◆ What to do
Restate word for word the section of the entries that opens at the line containing "Custom hand shaped" and closes at the line containing "뷔가 직접 디자인 한", both lines kept, pictures dropped.

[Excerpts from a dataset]

....

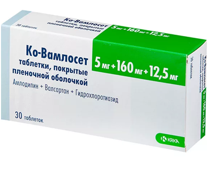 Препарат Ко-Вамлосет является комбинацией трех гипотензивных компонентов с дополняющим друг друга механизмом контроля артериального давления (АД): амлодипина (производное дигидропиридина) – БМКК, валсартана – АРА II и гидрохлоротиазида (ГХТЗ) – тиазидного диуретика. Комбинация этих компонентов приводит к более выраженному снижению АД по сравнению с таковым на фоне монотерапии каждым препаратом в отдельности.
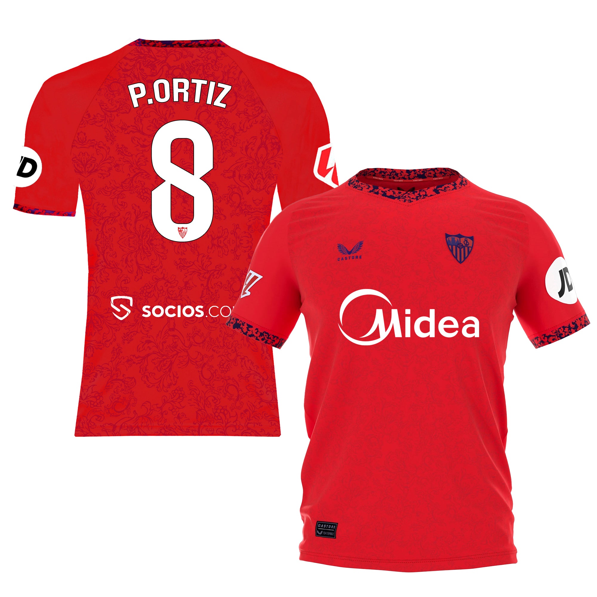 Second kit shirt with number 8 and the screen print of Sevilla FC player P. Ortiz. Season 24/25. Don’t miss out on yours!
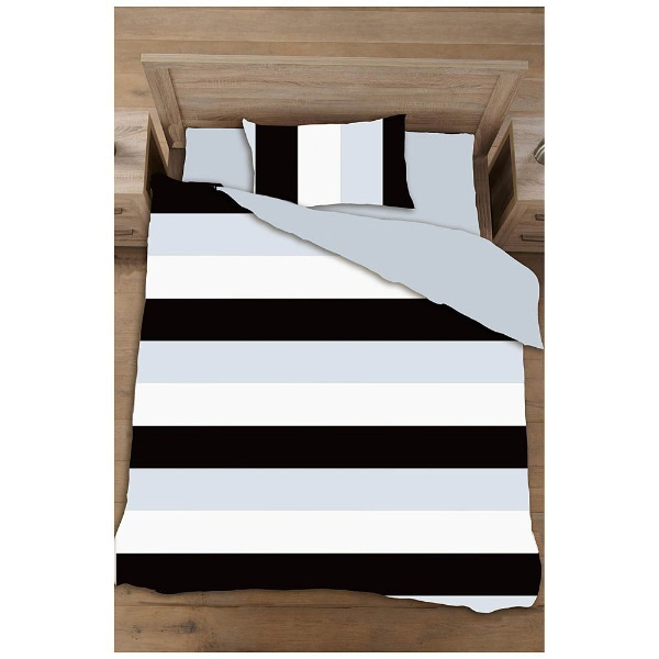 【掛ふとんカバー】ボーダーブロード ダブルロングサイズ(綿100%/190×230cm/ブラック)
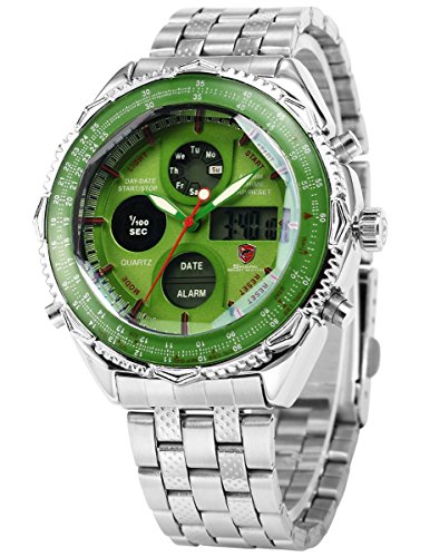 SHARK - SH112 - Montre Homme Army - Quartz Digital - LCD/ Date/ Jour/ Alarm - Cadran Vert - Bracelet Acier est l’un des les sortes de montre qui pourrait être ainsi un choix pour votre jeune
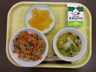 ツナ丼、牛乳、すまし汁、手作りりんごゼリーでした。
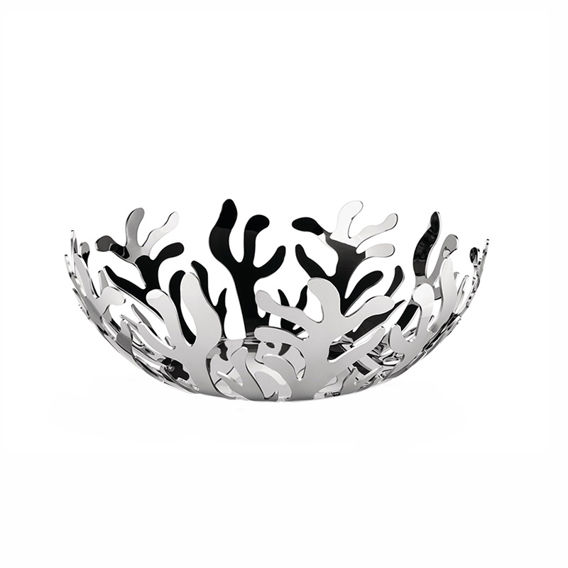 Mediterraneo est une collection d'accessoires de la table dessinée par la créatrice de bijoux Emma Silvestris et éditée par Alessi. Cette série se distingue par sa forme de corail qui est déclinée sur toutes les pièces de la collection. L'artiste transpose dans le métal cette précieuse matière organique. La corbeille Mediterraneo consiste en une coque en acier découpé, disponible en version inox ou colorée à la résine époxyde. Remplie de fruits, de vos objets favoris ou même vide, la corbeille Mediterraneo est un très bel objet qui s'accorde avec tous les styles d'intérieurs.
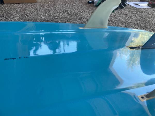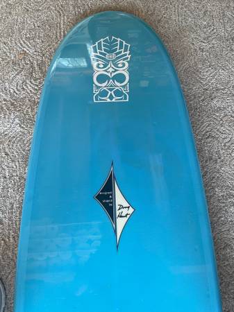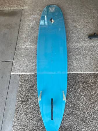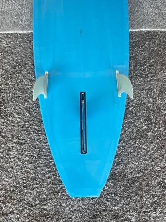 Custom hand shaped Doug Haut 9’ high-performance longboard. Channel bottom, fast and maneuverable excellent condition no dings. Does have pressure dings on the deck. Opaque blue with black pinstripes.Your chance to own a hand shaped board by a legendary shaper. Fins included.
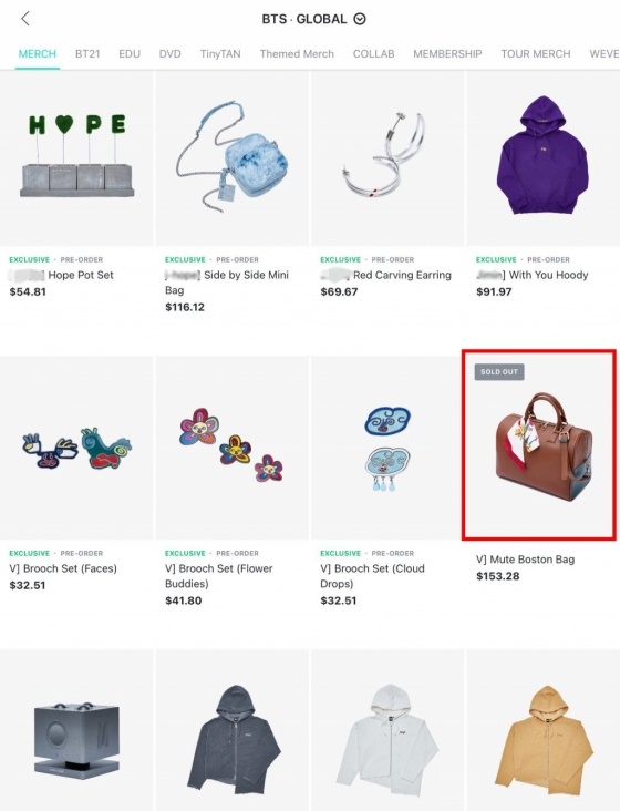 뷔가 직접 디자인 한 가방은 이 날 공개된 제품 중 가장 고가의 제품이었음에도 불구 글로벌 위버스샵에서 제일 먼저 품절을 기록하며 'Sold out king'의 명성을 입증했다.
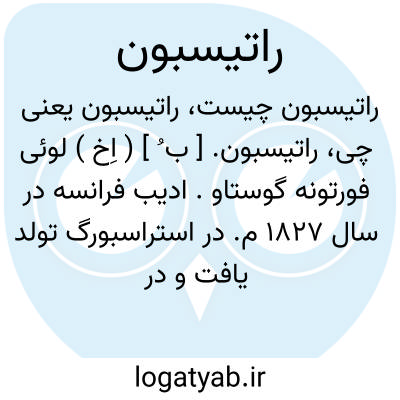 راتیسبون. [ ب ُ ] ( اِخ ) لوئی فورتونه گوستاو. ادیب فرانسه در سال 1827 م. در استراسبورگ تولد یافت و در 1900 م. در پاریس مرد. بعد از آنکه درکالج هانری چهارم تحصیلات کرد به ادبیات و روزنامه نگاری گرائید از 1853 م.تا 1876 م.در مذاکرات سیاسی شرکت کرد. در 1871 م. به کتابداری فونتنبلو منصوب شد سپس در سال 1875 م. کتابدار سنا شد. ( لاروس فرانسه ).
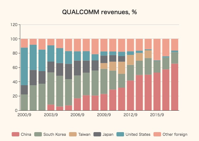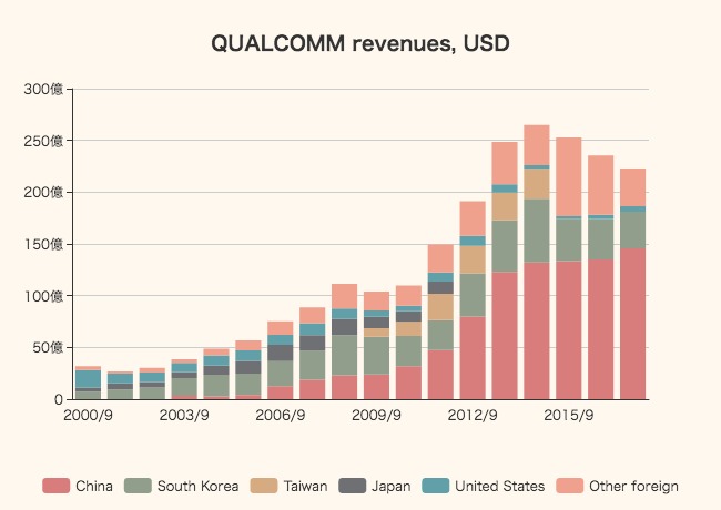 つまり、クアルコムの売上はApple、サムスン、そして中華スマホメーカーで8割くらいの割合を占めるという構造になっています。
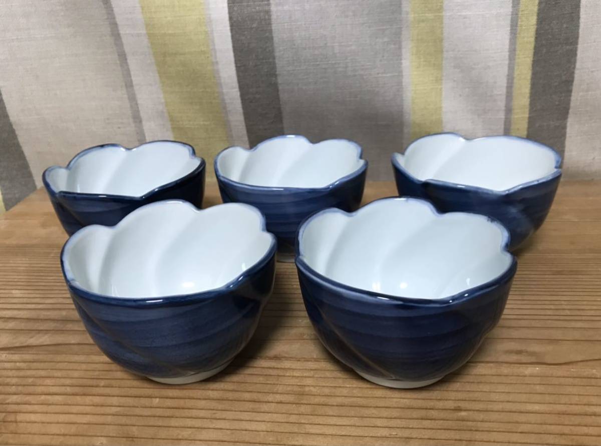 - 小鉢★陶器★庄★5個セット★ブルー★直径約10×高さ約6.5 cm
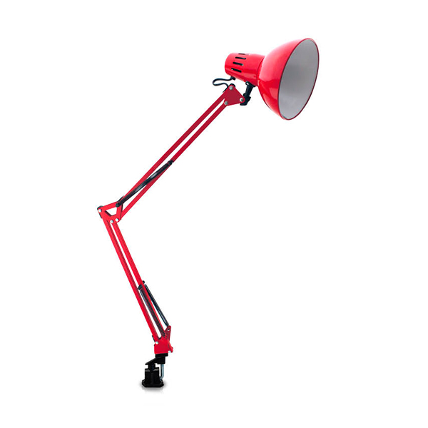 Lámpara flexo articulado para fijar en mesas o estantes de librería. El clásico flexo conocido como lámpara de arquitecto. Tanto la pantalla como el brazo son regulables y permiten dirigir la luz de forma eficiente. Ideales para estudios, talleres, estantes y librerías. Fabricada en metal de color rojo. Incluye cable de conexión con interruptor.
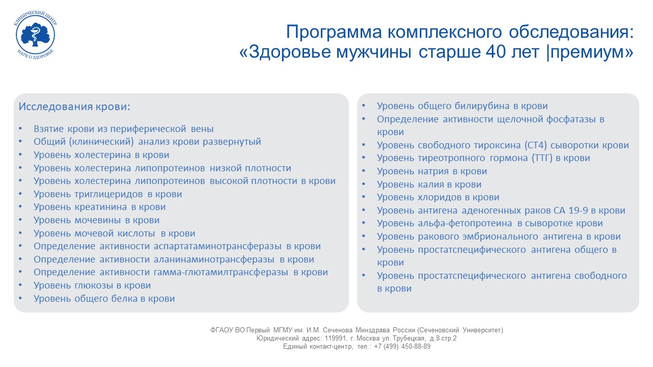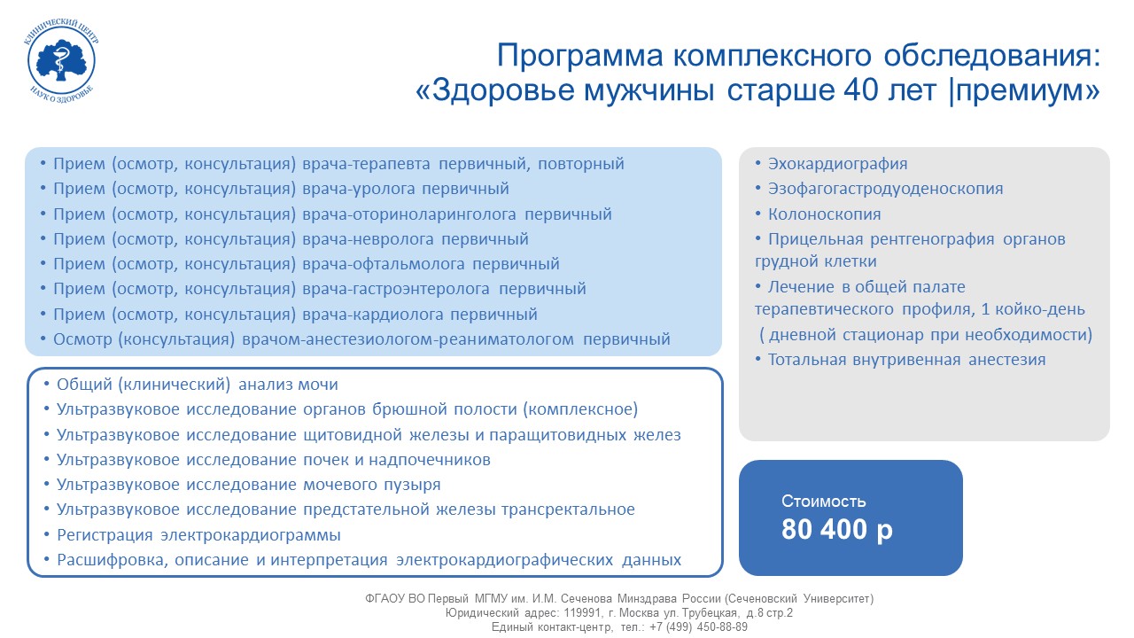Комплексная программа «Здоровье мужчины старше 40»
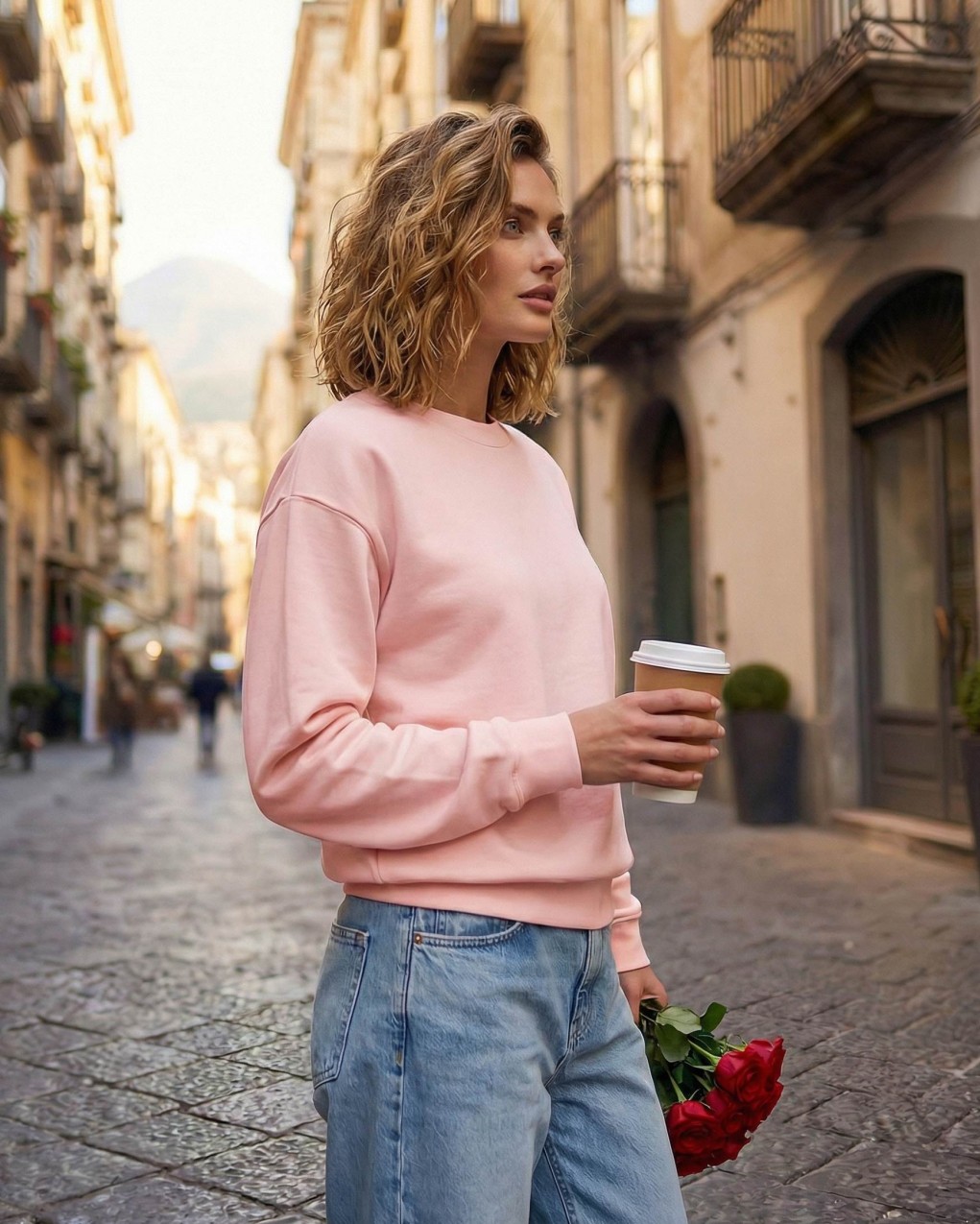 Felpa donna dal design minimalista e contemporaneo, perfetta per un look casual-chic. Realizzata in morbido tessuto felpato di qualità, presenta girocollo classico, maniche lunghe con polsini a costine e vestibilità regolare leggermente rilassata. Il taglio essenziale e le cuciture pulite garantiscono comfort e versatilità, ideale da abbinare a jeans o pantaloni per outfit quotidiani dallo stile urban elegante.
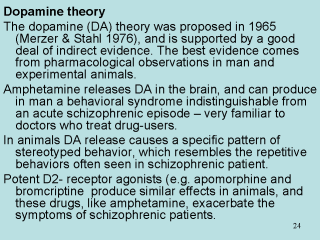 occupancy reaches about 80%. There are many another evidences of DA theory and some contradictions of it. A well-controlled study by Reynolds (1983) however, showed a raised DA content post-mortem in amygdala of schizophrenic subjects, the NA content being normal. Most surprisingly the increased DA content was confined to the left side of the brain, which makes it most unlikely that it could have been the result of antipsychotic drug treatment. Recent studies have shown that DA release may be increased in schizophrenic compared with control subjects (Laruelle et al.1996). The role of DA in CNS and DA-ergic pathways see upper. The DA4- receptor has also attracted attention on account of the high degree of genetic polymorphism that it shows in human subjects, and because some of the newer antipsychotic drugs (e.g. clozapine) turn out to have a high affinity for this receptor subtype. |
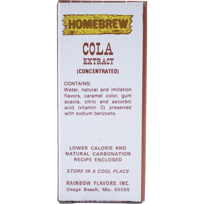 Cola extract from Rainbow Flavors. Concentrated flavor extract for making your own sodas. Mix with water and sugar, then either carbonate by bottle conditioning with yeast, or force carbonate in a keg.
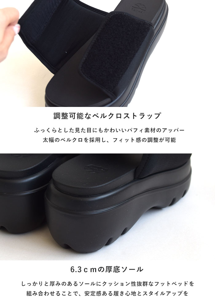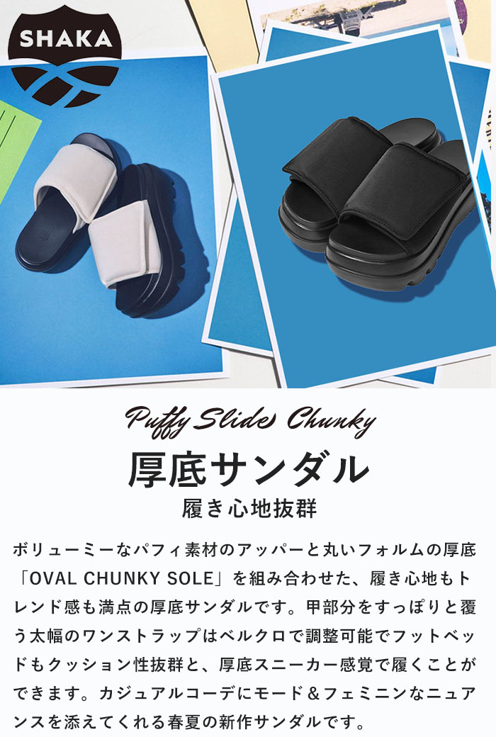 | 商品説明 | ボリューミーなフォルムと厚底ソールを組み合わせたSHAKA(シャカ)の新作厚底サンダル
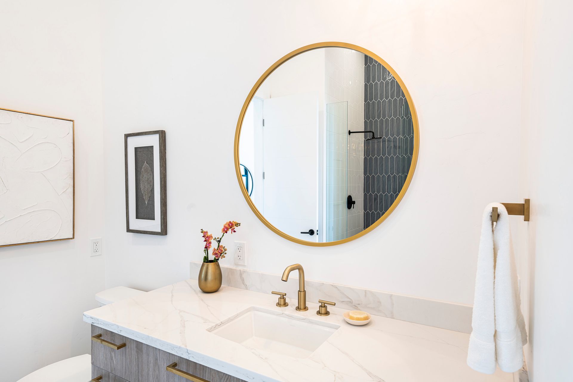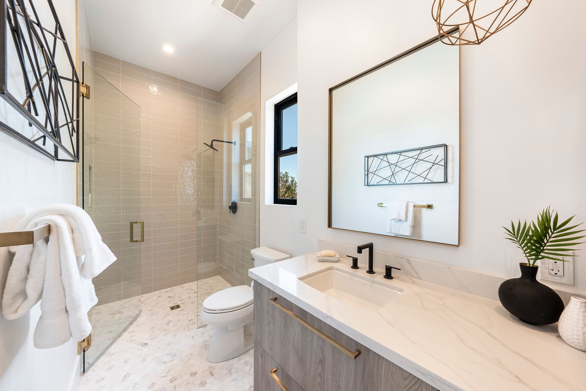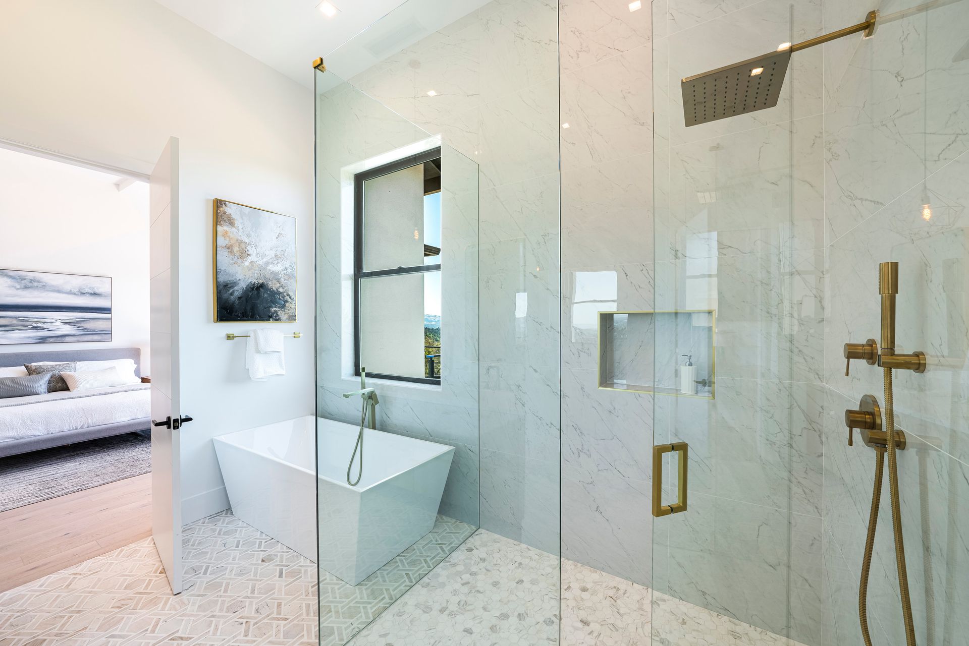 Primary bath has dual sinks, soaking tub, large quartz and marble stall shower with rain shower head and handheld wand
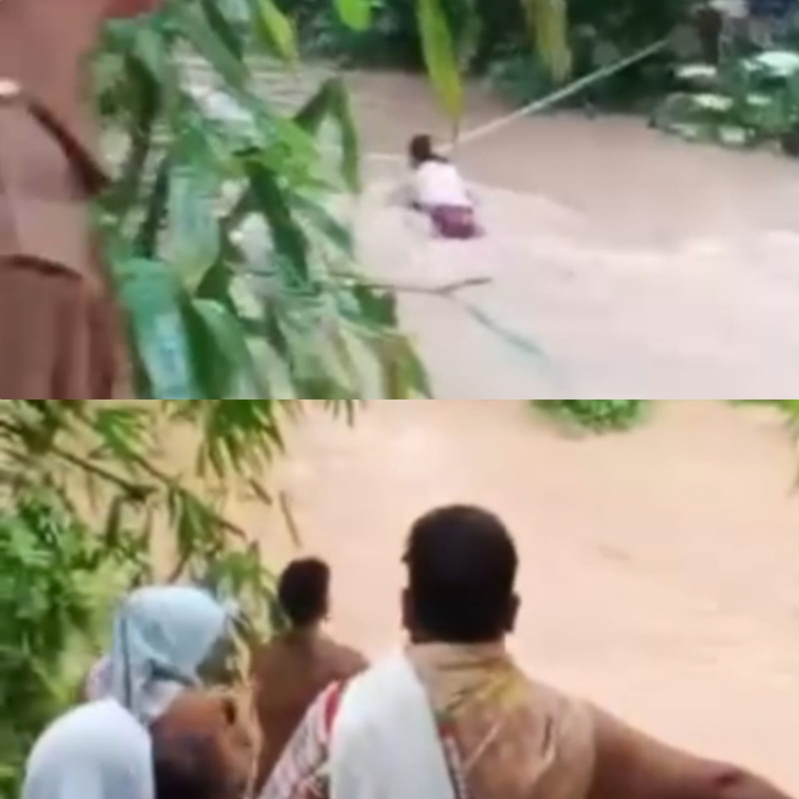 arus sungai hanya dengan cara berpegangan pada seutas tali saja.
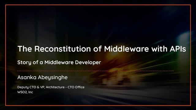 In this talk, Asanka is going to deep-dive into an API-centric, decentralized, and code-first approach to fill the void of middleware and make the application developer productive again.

....

◆ Written reply
 Custom hand shaped Doug Haut 9’ high-performance longboard. Channel bottom, fast and maneuverable excellent condition no dings. Does have pressure dings on the deck. Opaque blue with black pinstripes.Your chance to own a hand shaped board by a legendary shaper. Fins included.
 뷔가 직접 디자인 한 가방은 이 날 공개된 제품 중 가장 고가의 제품이었음에도 불구 글로벌 위버스샵에서 제일 먼저 품절을 기록하며 'Sold out king'의 명성을 입증했다.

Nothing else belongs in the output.